TASK REQUIREMENTS: Please begin with the line containing "عفريت يتحدث مع الطيور تلوين صفحة" and reproduce each line exactly until the records below end, without any pictures.

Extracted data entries
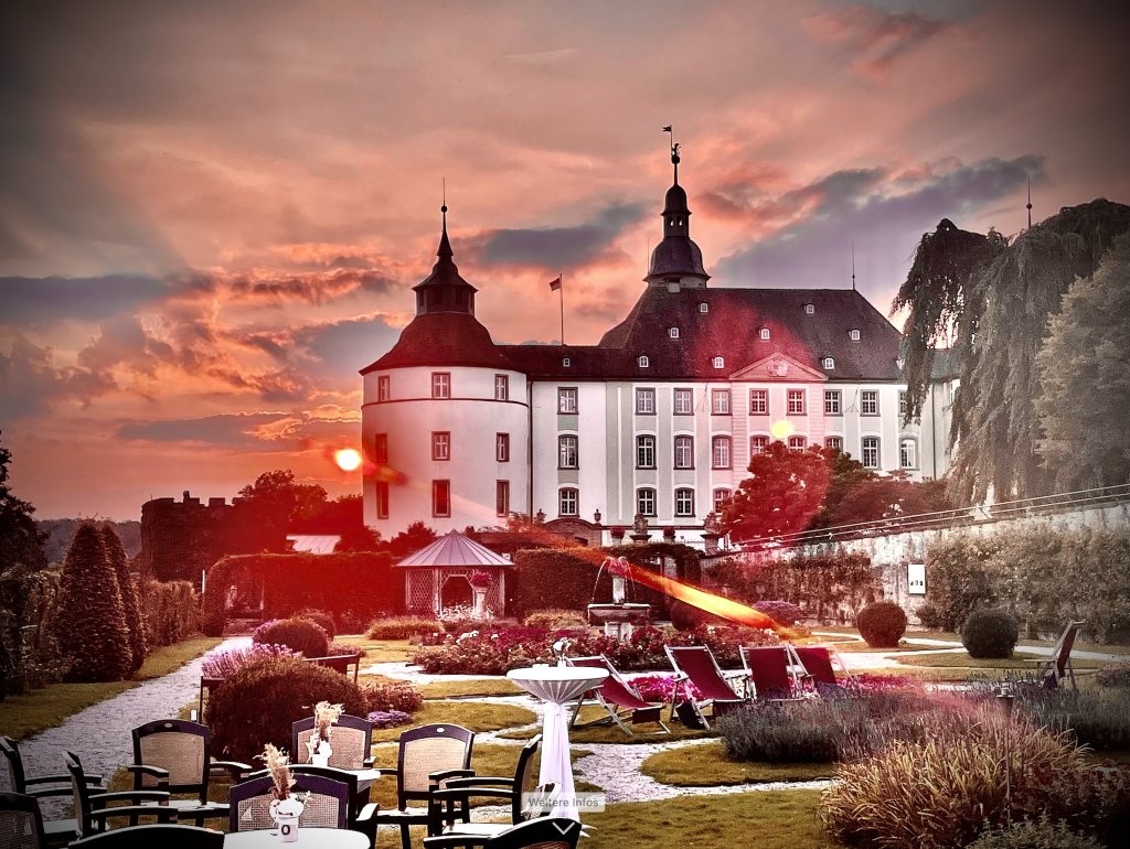 …lichtete sich am nächsten Tag der Himmel. Als dieses Foto entstand, stand die Sonne bereits tief und tauchte den Schlossgarten in verwunschenes Licht… Am Hochzeitstag wird er bei schönem Wetter mit Tischen, Sonnenschirmen, Liegestühlen, und Fackeln ausgestattet. Hier fand unser Sektempfang und das Kaffeetrinken mit Anschnitt der Hochzeitstorte statt.
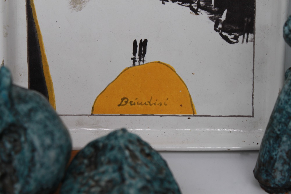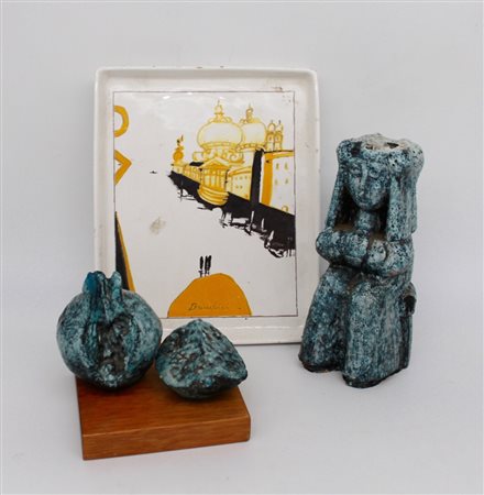 Due sculture astratte e un vassoio in ceramica - Two abstract sculptures and a ceramic tray
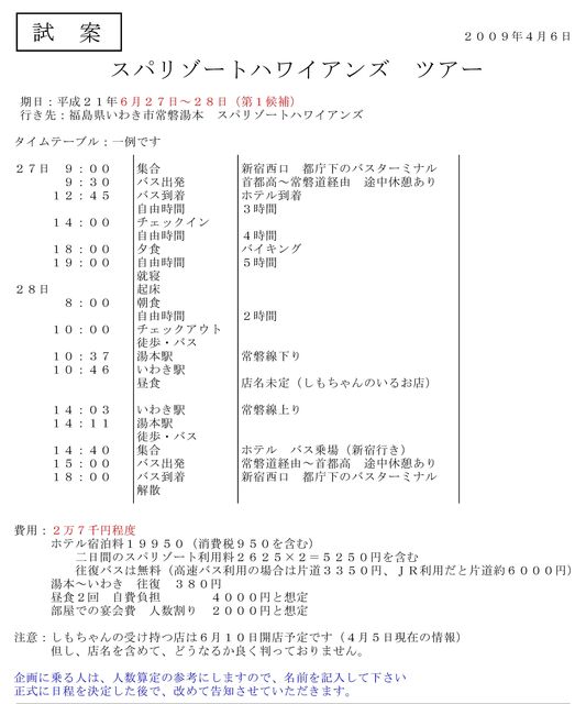 いわきに職場を移した「しもちゃん」の新しいお店を訪ねる と言う事を建前とした、スパリゾートハワイアンズへのツアーです しもちゃんの新しい仕事場は、6月10日にいわき駅前に開店予定です。 内容は今後、調整していきますが、 参加希望者がどれだけいるかを知りたいので 男性・女性の別も含めて記入いただけると助かります。 正式な内容決定後には、改めてご案内します。 6月27(土曜)〜28(日曜)の1泊2日 行き 9:30 新宿西口 都庁下のバスターミナル〜直行無料送迎バス 12:45 スパリゾートハワイアンズ
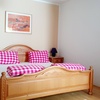 Im separaten Schlafraum steht ein 1,80 m großes Doppelbett. Im Wohnbereich befindet sich Esstisch und eine Schlafcouch für max. 2 Personen.
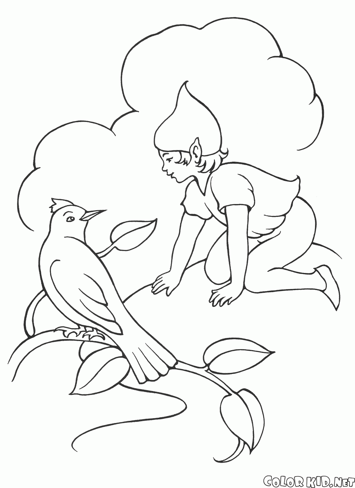 عفريت يتحدث مع الطيور تلوين صفحة
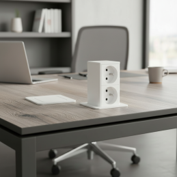 Elegantná výsuvná zásuvka SQUARE UP v bielej matnej farbe ponúka moderné a nenápadné riešenie pre kuchyne, pracovné stoly či kancelárie. V zatvorenom stave dokonale splýva s povrchom nábytku – po jemnom zatlačení sa vysunie a sprístupní dve praktické 230V zásuvky.
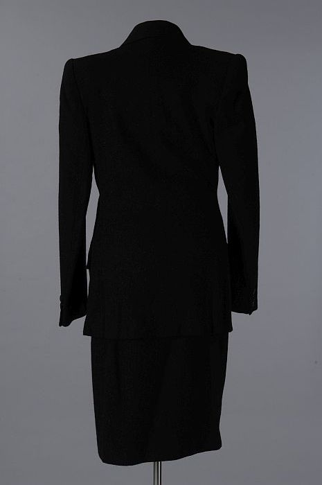 Zwart wollen mantelpak, rok met jasje

YOUR RESPONSE:
 عفريت يتحدث مع الطيور تلوين صفحة
 Elegantná výsuvná zásuvka SQUARE UP v bielej matnej farbe ponúka moderné a nenápadné riešenie pre kuchyne, pracovné stoly či kancelárie. V zatvorenom stave dokonale splýva s povrchom nábytku – po jemnom zatlačení sa vysunie a sprístupní dve praktické 230V zásuvky.
 Zwart wollen mantelpak, rok met jasje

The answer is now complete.